I've been solving initial value problems but this one has me stumped.
So far what I have is that the position when r(0) is $(8,6,5)$ My next given is when $v(0)=8$ Next, the particle moves in a straight line to $(9,8,4)$ I've calculated that the direction vector between $P1$ and $P2$ is the same as the acceleration vector which is my next given. Acceleration is constant $a(t)=i+2j-k$
My thought process has led me so far to 1) Integrate the acceleration vector: $$P_0(8,6,5), P_1(9,8,4)$$ $$P_1P_2=a(t)$$ $$a(t)=i+2j-k$$ $$\int{a(t)dt}=v(t)=(t+C_1)i+(2t+C_2)j-(t+C_3)k$$ $$|a(t)|=\sqrt6$$ $$|v(0)|=8$$ $$v(0)=((0)+C_1))i+(2(0)+C_2)j-((0)+C_3)k$$ $$C_1+C_2-C_3=8$$ This is as far as I've gotten, as I'm not sure how to get to the next step.
Hint: Since the particle moves in a straight line, $v(t)$ must have the same direction vector as $a(t)$, which is $P_1-P_0$. Since you're given $|v(0)|=8$, can you figure out what $v(0)$ is and use that to compute $C_1$, $C_2$, and $C_3$?

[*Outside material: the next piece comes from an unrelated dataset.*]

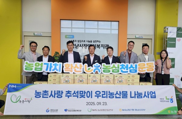 하남시장애인복지관, (사)NH도농상생운동본부 '농촌사랑 추석맞이 우리농산물 나눔사업' 우리농산물 꾸러미 180개 전달식 진행 페이지 정보 작성자 하남시장애인복지관 작성일25-09-26 11:51 조회수70 본문 하남시장애인복지관이 (사)NH도농상생운동본부가 주관한 ‘농촌사랑 추석맞이 우리농산물 나눔사업’을 통해 건강 잡곡으로 구성된 농산물 꾸러미 180세트를 전달받으며 촬영한 사진입니다.기사원문보기 목록 이전글 서울뉴잠전라이온스클럽 354-D지구, 하남시장애인복지관에 추석맞이 후원품 전달 및 자원봉사 진행 25.09.29 다음글 하남시장애인복지관, 한국주거복지사회적협동조합이 함께하는 ‘2025년 행복한 家 프로젝트’ 공모사업 선정 25.09.12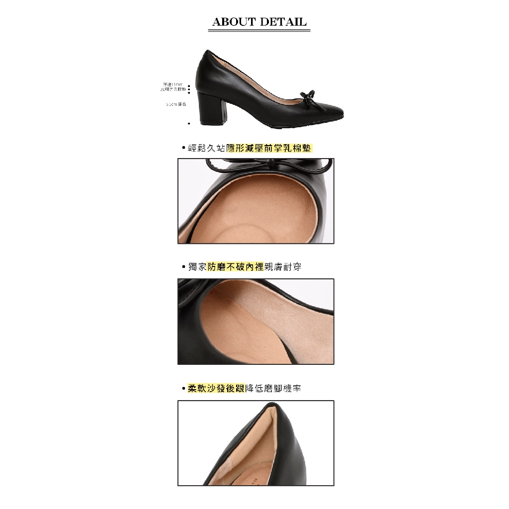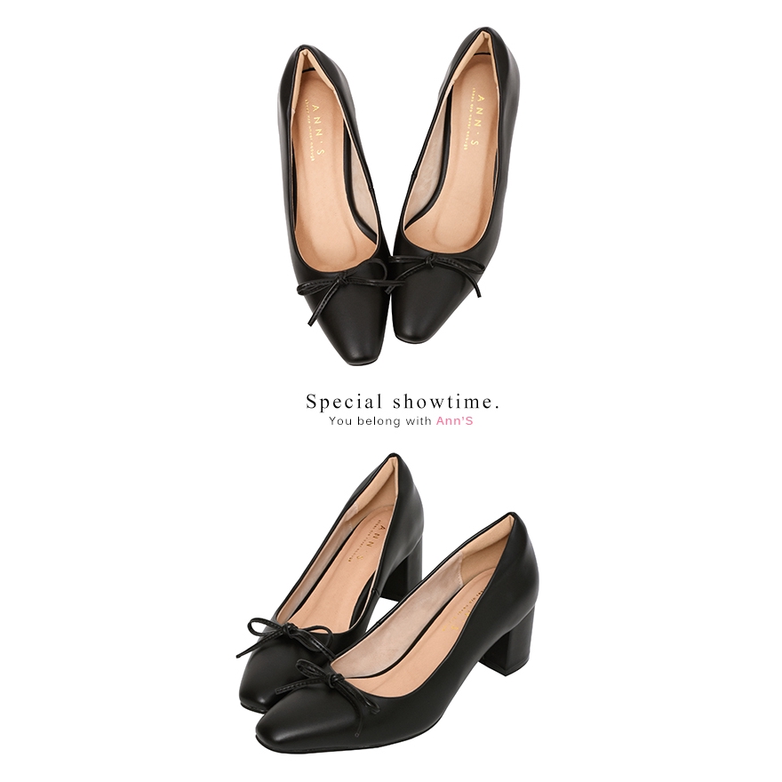 Ann’S法式優雅-油皮細緻蝴蝶結粗跟方頭跟鞋5.5cm-黑

Edit: The velocity vector is $s(t)\langle 1, 2, -1\rangle$, where $s(t)$ is the speed, since it is in the same direction as the acceleration vector. Then $$|v(0)| = s(0)\sqrt{6} = 8,$$ so that $s(0) = \frac{4}{3}\sqrt{6}$. This means that $$v(0) = \frac{4}{3}\sqrt{6}\langle 1, 2, -1\rangle.$$ Does that help?